My typical setup that regularly generates the segfaults is using Gentoo, gcc6.3 (-O2 -pipe -march=znver1), make -j16 and emerging (compiling and installing) the mesa-17.0 package in a loop. My cooler is set on quiet mode, and case fans are controlled by the MB. With those options, I will generate a segfault (usually in /bin/sh) approximately once every 1-4 loops - in other words, I will successfully compile and install mesa 0-3 times before it segfaults.
The following lists how many loops through compiling and installing mesa were successful before I got a segfault in each of the different scenarios below:
Case and AIO cooler at maximum fan speed: 2 loops
make -j8: 4 loops
RAM at 2133MHz (JEDEC setting, CL15): 1 loop
RAM at 1866MHz, 1.2V, CL18: 2 loops
RAM at 2133MHz, AMD Cool'n'Quiet disabled: 3 loops
as above, plus LLC set to mode 2 for CPU and NB voltage: 2 loops
as above, plus CPU voltage fixed at 1.25V: 3 loops
as above, plus NB voltage fixed at 1.15V: 1 loop
as above, but with LLC set to mode 4 rather than 2 for CPU and NB voltage: 3 loops
Turbo disabled, C6 state disabled, CPU frequency set to 3.2GHz, LLC mode 4, CPU voltage 1.35V, NB voltage 1.15, LLC mode 4: 2 loops
as above, but RAM back to XMP profile 1 (2933MHz, 1.35V): 3 loops
Default settings, RAM 2933MHz, ASLR disabled: 5 loops
SMT disabled (RAM 2933MHz) and make -j9: 172+ loops (ran overnight without segfault, killed it manually in the morning).

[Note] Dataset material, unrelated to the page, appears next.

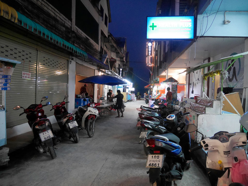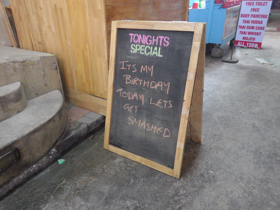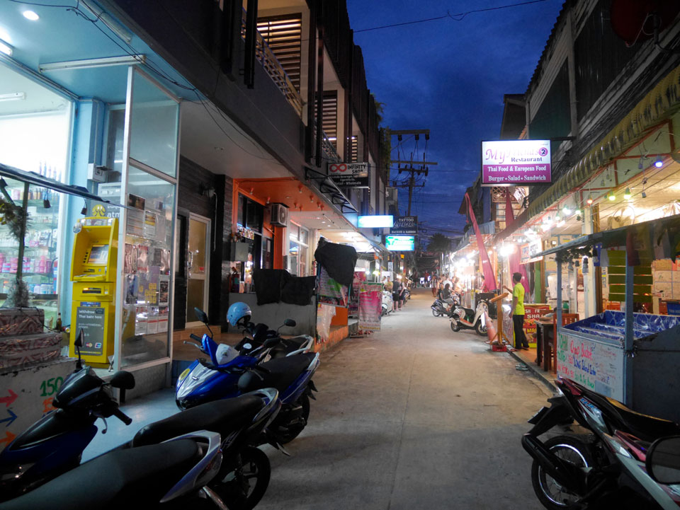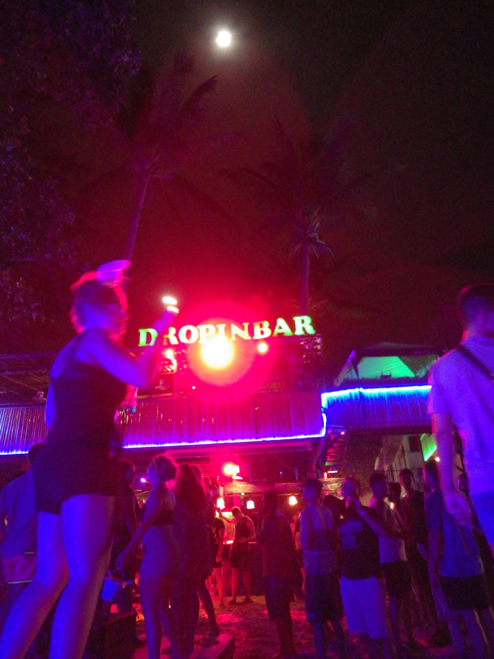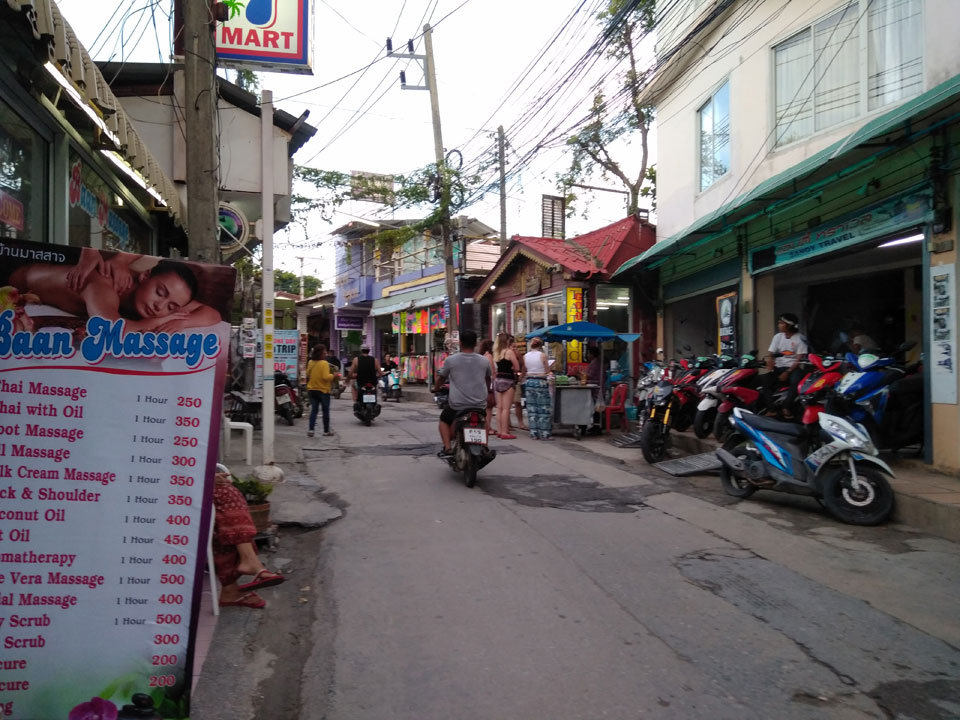 Ich war in Haad Rin, suchte mein Hostel. Das Snooze@Phangang schien mir online eher als Fake-Hostel und so war’s dann auch fast. Ich sah ein Schild, eine Frau sprang hinzu und checkte mich ein. Bevor ich zahlte, wollte ich aber das Zimmer sehen. Direkt am Fußweg zum Strand dann hatte mal im Erdgeschoss einfach ein Zimmer mit Doppelstockbetten vollgestellt. Es waren nur Betten obere Etage drin und ich wollte wegen des hohen Preises (€40/Full Moon – €9 sonstige Nächte) das nicht so akzeptieren. Sie hatte noch ein Zimmer nebenan, alles leer und gerade aufgeräumt. Das sagte mir mehr zu. Ich suchte mir ein Bett aus und war zufrieden – und 2250 THB (€66) ärmer.

With SMT disabled (RAM at 2933MHz, everything else default), I recompiled my entire system with gcc set to -02 -pipe -mtune=generic to eliminate any optimizations for the Zen architecture. There were no segfaults during that time. I then re-enabled SMT and tried again.
make -j16: 7 loops (I started to get excited...)
make -j16, ASLR disabled: 5 loops
Disable 2 cores (3+3): 4 loops
Disable 4 cores (4+0): 6 loops
Testing in Ubuntu 16.04, there were too many dependencies/libraries to install for me to test compiling mesa from source under Ubuntu. That said, with default settings and compiling gcc 5.4 from source (with whatever gcc is installed with apt-get install gcc... I think it's 4.5.3) I also get segfaults after anywhere from 5-15 minutes of compiling.
I know nothing of compiling software in Windows, so I have not been able to test that.